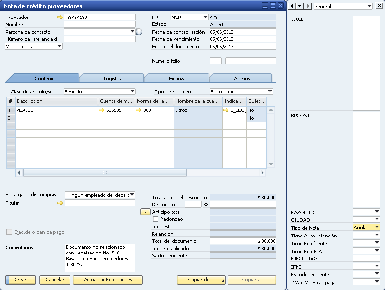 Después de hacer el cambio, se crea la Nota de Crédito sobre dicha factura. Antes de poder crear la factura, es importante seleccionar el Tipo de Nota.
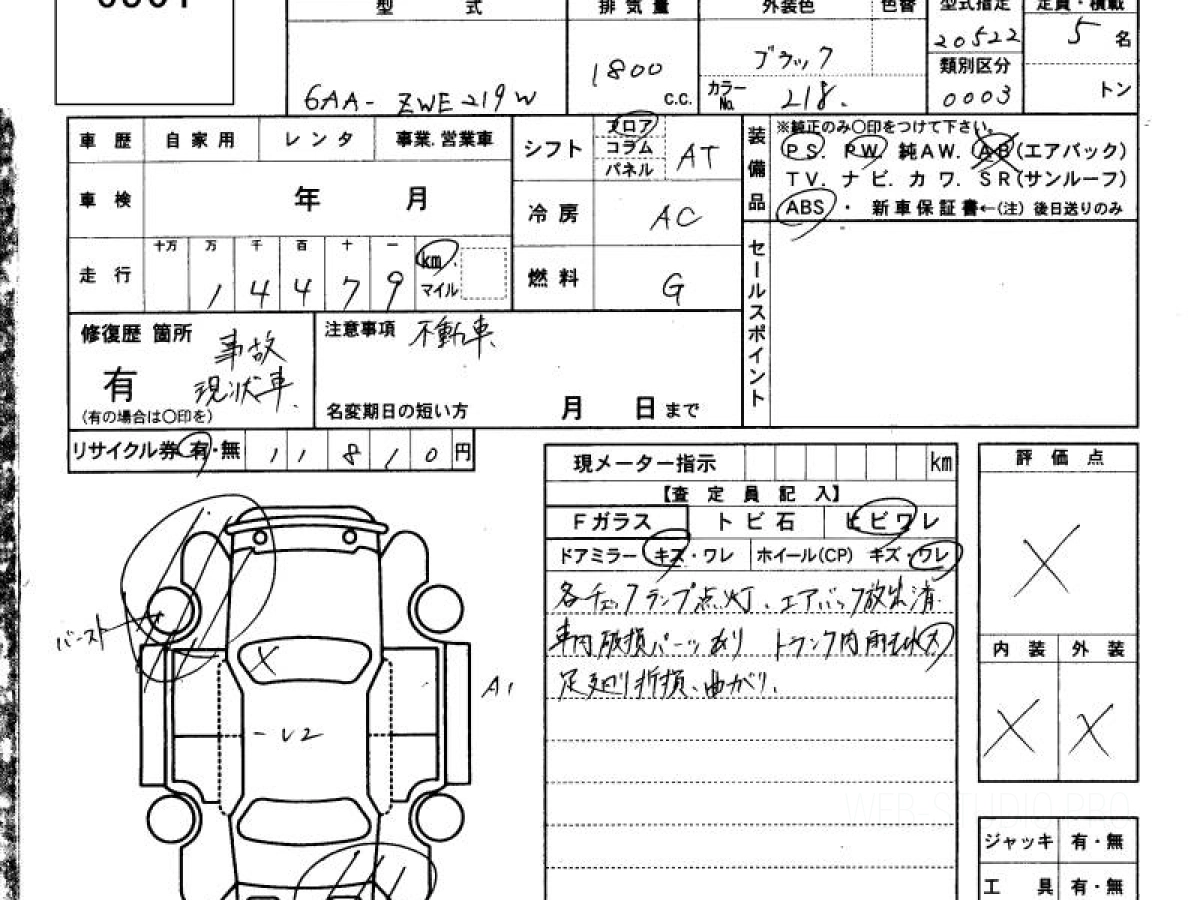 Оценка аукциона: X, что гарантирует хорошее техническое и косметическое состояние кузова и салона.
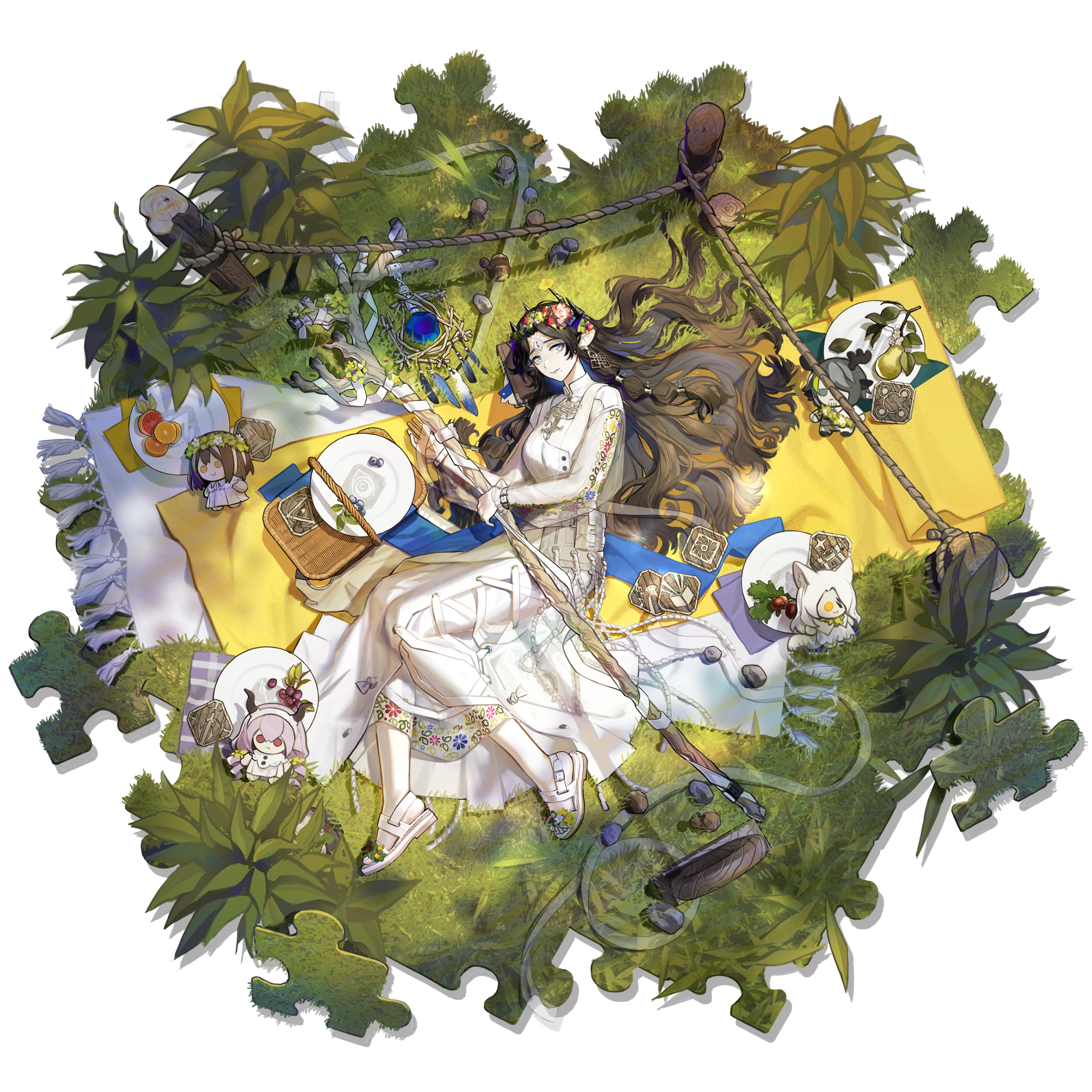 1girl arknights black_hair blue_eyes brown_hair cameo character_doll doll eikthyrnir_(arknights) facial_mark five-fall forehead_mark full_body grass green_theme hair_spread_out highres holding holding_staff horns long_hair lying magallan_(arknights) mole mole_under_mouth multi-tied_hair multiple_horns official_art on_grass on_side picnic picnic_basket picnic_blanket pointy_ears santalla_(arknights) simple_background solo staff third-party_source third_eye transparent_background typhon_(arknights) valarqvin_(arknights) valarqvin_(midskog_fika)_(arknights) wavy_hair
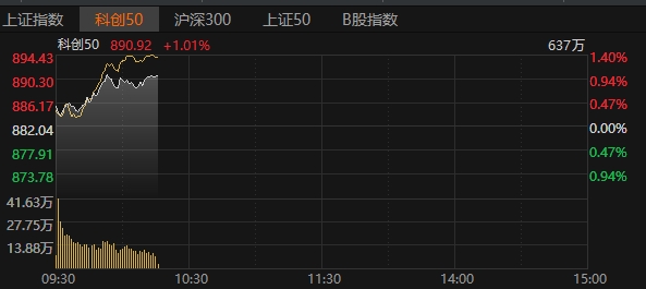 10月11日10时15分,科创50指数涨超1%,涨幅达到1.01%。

==

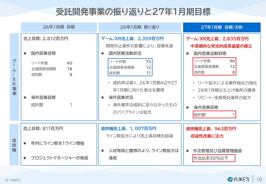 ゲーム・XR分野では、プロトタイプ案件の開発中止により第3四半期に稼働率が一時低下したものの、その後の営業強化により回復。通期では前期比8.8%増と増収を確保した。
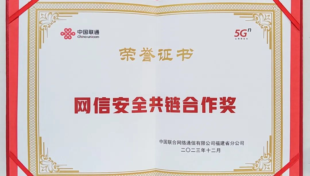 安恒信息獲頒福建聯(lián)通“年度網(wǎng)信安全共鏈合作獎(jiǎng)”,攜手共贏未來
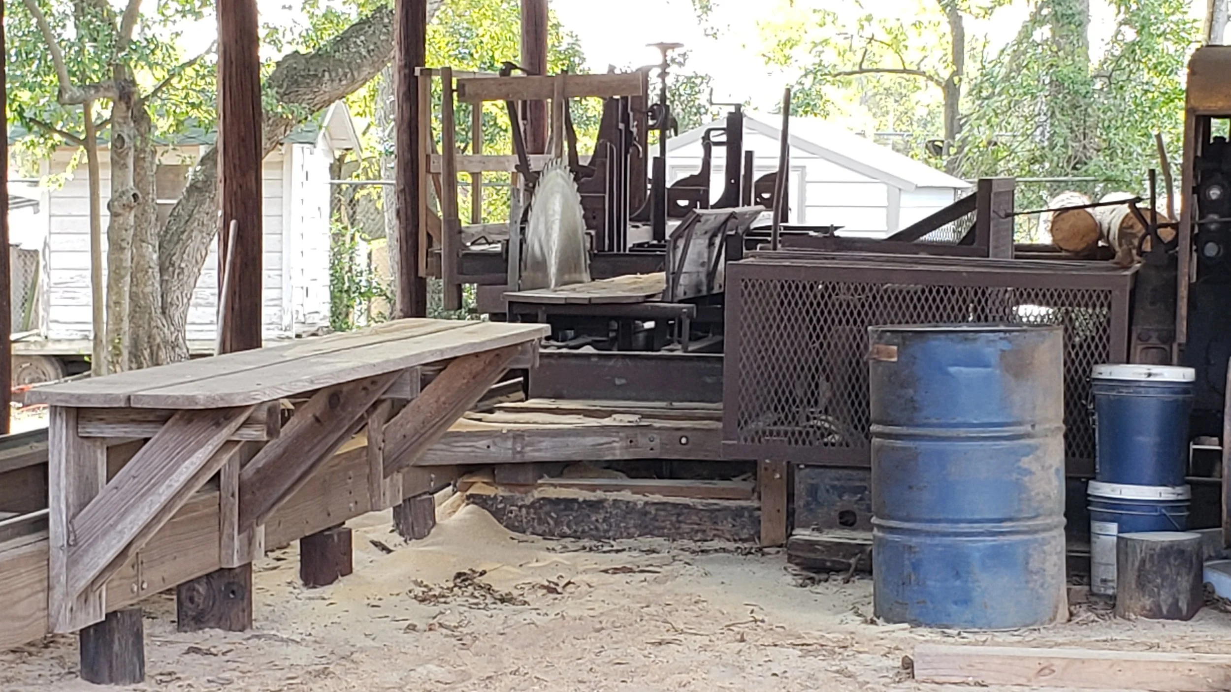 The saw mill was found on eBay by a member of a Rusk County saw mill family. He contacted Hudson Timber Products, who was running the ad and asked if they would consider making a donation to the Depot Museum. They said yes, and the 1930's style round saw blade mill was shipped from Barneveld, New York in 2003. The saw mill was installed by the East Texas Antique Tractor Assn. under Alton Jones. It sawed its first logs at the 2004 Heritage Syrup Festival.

* * *

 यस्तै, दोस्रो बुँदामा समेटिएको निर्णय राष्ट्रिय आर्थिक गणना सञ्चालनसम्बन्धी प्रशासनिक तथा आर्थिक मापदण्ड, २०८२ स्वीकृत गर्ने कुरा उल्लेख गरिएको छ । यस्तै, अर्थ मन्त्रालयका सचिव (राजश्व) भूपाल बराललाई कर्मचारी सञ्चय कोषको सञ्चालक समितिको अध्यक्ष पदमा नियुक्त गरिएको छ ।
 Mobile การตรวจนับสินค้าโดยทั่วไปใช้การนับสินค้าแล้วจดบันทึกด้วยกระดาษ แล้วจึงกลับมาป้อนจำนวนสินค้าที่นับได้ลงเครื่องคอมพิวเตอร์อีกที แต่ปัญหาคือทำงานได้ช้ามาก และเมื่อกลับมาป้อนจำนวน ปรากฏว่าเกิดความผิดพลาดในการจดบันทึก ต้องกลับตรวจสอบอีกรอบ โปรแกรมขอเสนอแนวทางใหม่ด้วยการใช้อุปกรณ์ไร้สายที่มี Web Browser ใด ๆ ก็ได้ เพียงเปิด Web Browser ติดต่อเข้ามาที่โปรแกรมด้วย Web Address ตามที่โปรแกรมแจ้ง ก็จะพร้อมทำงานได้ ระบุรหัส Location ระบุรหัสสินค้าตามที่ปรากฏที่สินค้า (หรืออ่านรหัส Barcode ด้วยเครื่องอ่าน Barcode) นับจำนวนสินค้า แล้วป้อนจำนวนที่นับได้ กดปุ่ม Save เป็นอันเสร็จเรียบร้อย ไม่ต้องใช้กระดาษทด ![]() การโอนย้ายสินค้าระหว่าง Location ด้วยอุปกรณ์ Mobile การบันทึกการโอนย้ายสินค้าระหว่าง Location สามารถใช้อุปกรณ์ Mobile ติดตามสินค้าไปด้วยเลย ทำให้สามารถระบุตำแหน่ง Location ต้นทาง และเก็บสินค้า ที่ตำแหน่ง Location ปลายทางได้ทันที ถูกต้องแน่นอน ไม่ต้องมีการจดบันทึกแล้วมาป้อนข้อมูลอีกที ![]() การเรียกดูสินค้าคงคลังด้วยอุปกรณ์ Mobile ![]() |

TASK GOAL: Above are the records; copy exactly the lines from the one with "1girl arknights black_hair" through the one with "10月11日10时15分,科创50指数涨超1%,涨幅达到1.01%。", including both, and nothing more. Leave out pictures.

YOUR RESPONSE:
 1girl arknights black_hair blue_eyes brown_hair cameo character_doll doll eikthyrnir_(arknights) facial_mark five-fall forehead_mark full_body grass green_theme hair_spread_out highres holding holding_staff horns long_hair lying magallan_(arknights) mole mole_under_mouth multi-tied_hair multiple_horns official_art on_grass on_side picnic picnic_basket picnic_blanket pointy_ears santalla_(arknights) simple_background solo staff third-party_source third_eye transparent_background typhon_(arknights) valarqvin_(arknights) valarqvin_(midskog_fika)_(arknights) wavy_hair
 10月11日10时15分,科创50指数涨超1%,涨幅达到1.01%。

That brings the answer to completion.